I am in the process of purchasing a car for personal use and to use part-time for uBer/Lyft etc...

For personal preference reasons, my choice is down to either the new Prius 2 or Honda Civic EX sedan. Pricing, incentives, and finance rates make them almost dead even in terms of cost and monthly payments - the Civic MIGHT be $20 less per month best case...

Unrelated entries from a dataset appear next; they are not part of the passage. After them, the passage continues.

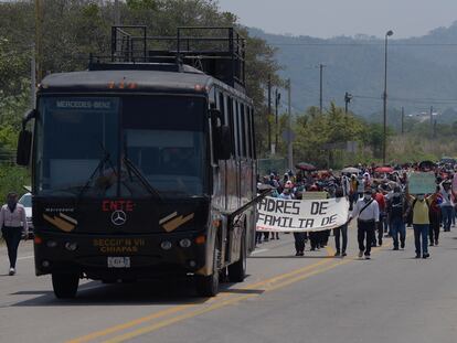 Las protestas tuvieron lugar este martes después de que un juez de Chiapas decidiera que 19 de los normalistas detenidos continúen recluidos en el penal El Amate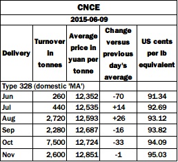 Average prices on the China National Cotton Exchange (CNCE) ended mixed. The July and August deliveries were at 12,535 and 12,593, up by 14 and 26 yuan, respectively. Other deliveries finished down by between 1 and 70 yuan.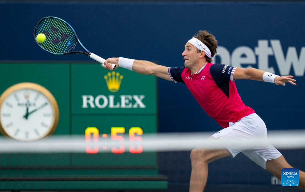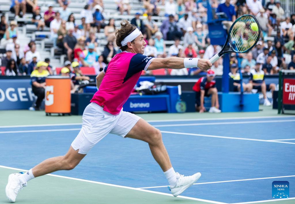 Casper Ruud competes during the men's singles round of 16 match between Alejandro Davidovich Fokina of Spain and Casper Ruud of Norway at the National Bank Open tennis tournament in Toronto, Canada, on Aug. 10, 2023. (Photo by Zou Zheng/Xinhua)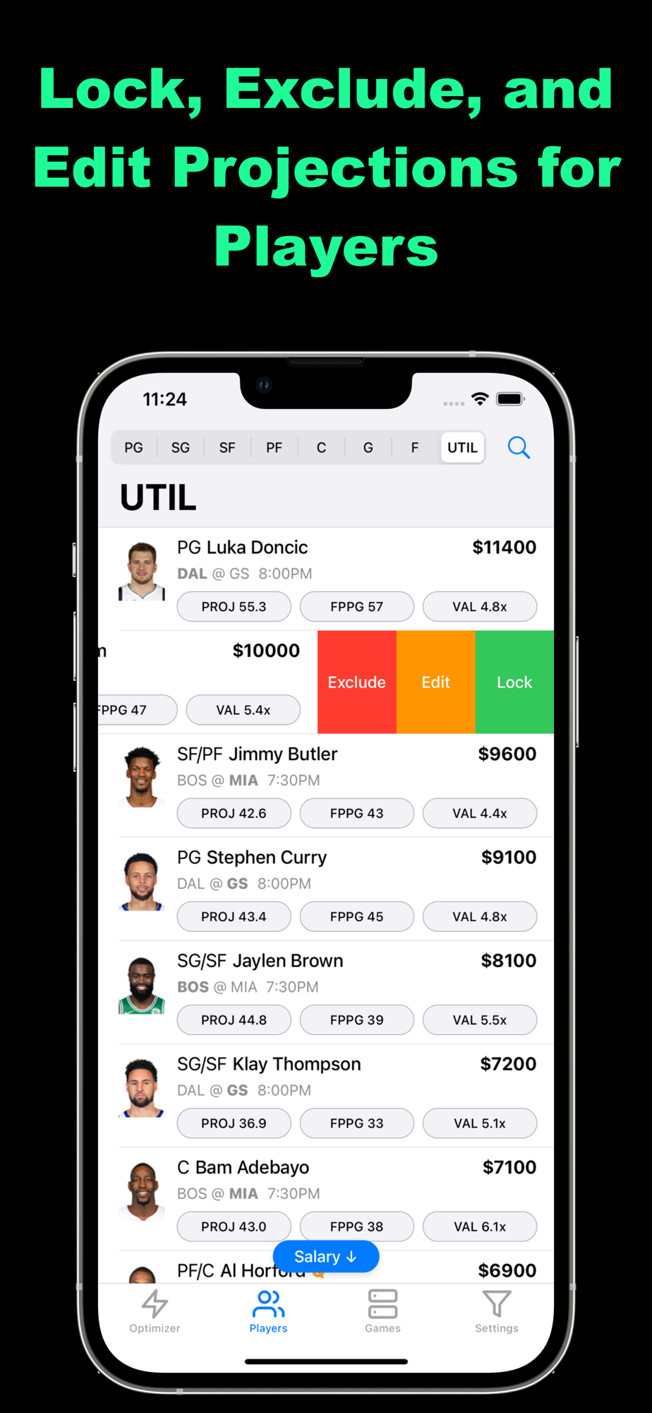 - Edit player projections to your liking.

Given that both cars are acceptable to us for personal use, is the Prius the obvious choice if I want to drive for lyft/Uber? The Prius averages 54 mpg reliably (already have a 3 month old one we bought for my daughter) and the Civic appears to hover around 35 mpg.

Thanks


----------



## 1.5xorbust (Nov 22, 2017)

I highly recommend the used Prius. Make sure there’s no hurricane (Houston) damage.


----------



## Seamus (Jun 21, 2018)

A lot of people will tell you the Prius. I love the Honda Civic make sure you get the EX. Small difference in price EX to LX but you get a lot more car. Civic has a lot more interior room. Obviously the Prius gets better gas mileage. All that money you save in gas is going to go back into the cost of a new battery when it goes.


----------



## Katherine Still (Aug 13, 2018)

For gas mileage and maintenance Prius has a slight advantage here. My advice would be test drive both and feel to where you are comfortable sitting all day long.


----------



## Hagong (Jan 17, 2017)




----------



## dryverjohn (Jun 3, 2018)

There are plenty of shops rebuilding the dead cells in the battery for a Prius now. In my market expect to pay $400 to get the prius battery back up and running. With the gas savings, I can't think of many cars that beat the Prius. I would buy a used one, mine had 15,000 miles on it in June when I bought it now has 36k miles. It's also 10 years old. I am trying to figure out how to figure out depreciation, I think I can drive another 70k miles and maybe loose $2-3k in value.


----------



## dirtylee (Sep 2, 2015)

Used Pruis. The 3 year depreciation on those cars makes them cheaper by a lot.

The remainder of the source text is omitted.